Great job you are doing on your K321!!! I really enjoy this post, and I hope the one I am about to start turns out as well as yours.
I am not an expert on the K321 by any means, but it sounds as though the exhaust valve opening slightly on the compression stroke would indeed be the ACR working. If you spin the crankshaft in the reverse direction, does this stop? If it does then it would suspect it is the ACR. If it still does this in reverse rotation, you may have something else going on.
I agree with David, oil might open a can of worms here, and I think I will feed it just a little.
Synthetic is great oil, but do not use this for the break-in!!! JMHO, I would wait at least 50 hours to ensure the rings are fully seated before switching to synthetic.
When I was younger, I was an A&P mechanic. On a fresh engine just after rebuild we would change the oil immediately after the first start-up run in which we set the timing and carburetor adjustments, and verified there was no leaks on all the seals and gaskets (typically, this was only a 15 minute process or less). Now granted this was aircraft engines, but I have also carried this practice over to any engine I rebuild. It is very cheep insurance to make sure the majority of the foreign contaminates after a rebuild are out of the engine as soon as possible (especially being as how the K321 does not have an oil filter). I would then follow the Deere service manual, and again change it after 2 hours. Deere then recommends changing in intervals of 25 hours (or 8 hours in dusty conditions). My personal process on a fresh engine, would be to change it again regardless in 8 hours (again just cheep insurance).
Non-detergent vs. detergent oils might also open a can of worms. Many recommend a non-detergent on engines without filters, and that it helps to seat rings faster.

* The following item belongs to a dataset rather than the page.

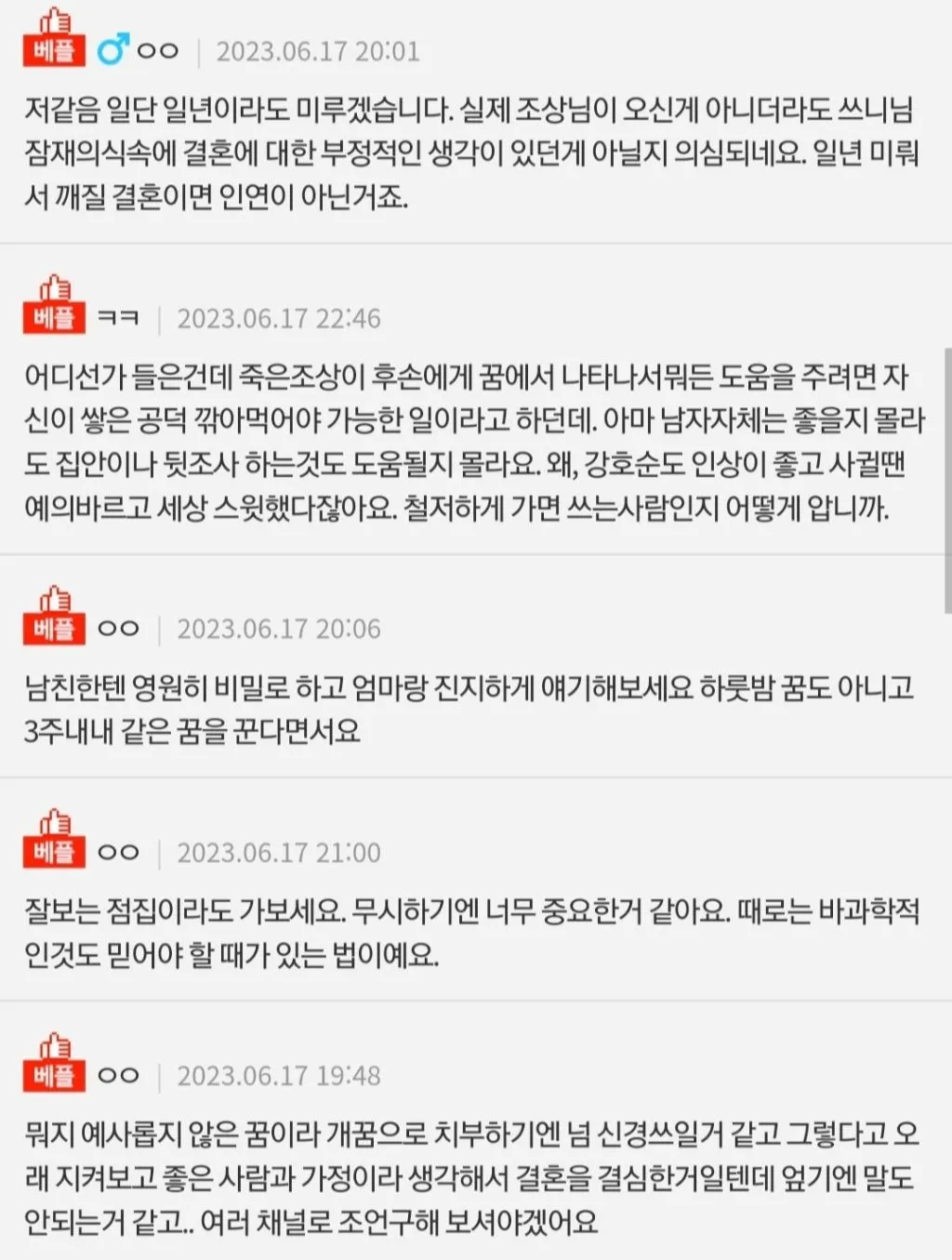 다양한 해석이 가능하지만, 가장 중요한 건 각자 마음속에서 어떤 의미를 찾느냐입니다. 꿈이 말해주는 건 선명한 확신이 아니라, 현재의 불안과 가치관의 충돌일 때가 많으니까요. 누가 옳다고 단정하기보단, 두 사람의 소통과 가족의 분위기를 천천히 가볍게 살펴보는 게 좋지 않을까요? 이 이야기가 우리에게 남기는 여운은, ‘미래를 예민하게 읽는 습관’일지도 모릅니다.

My personal thinking on this, if you change oil at the recommended frequency (or more frequently), you should not have contaminates suspended in the oil large enough to cause damage after the break-in period. And ring seating does indeed occur with detergent oils as well by normal application of light to moderate loads during break-in. JMHO I think today’s detergent oils are far superior to the non-detergent oils. I personally would use a high quality 30w detergent oil even during the break-in period. But as I noted, I would also change it far more frequently than recommended during the break-in.
Also drain the oil while it is hot, or as warm as you can handle to insure the majority of the contaminates are still in suspension during the change.